§ **The task**
Below are lines of data; restate word for word those running from the line containing "Club York Men" to the line containing "Tiene una base", inclusive, and no others.

§ **Source information**
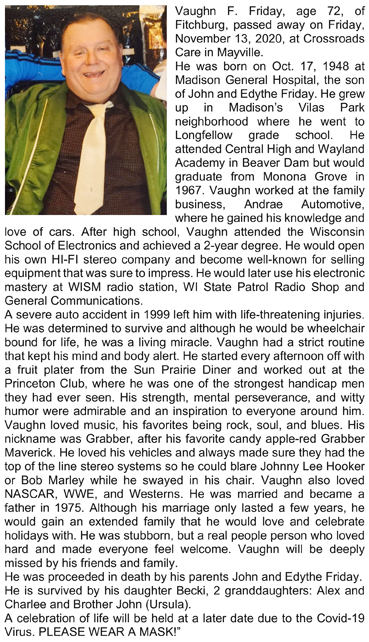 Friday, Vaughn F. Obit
---
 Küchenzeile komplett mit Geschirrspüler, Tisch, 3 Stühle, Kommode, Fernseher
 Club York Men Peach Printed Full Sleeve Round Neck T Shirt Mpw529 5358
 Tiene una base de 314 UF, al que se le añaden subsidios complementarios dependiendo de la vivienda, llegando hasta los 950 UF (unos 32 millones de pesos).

§ **Output**
 Club York Men Peach Printed Full Sleeve Round Neck T Shirt Mpw529 5358
 Tiene una base de 314 UF, al que se le añaden subsidios complementarios dependiendo de la vivienda, llegando hasta los 950 UF (unos 32 millones de pesos).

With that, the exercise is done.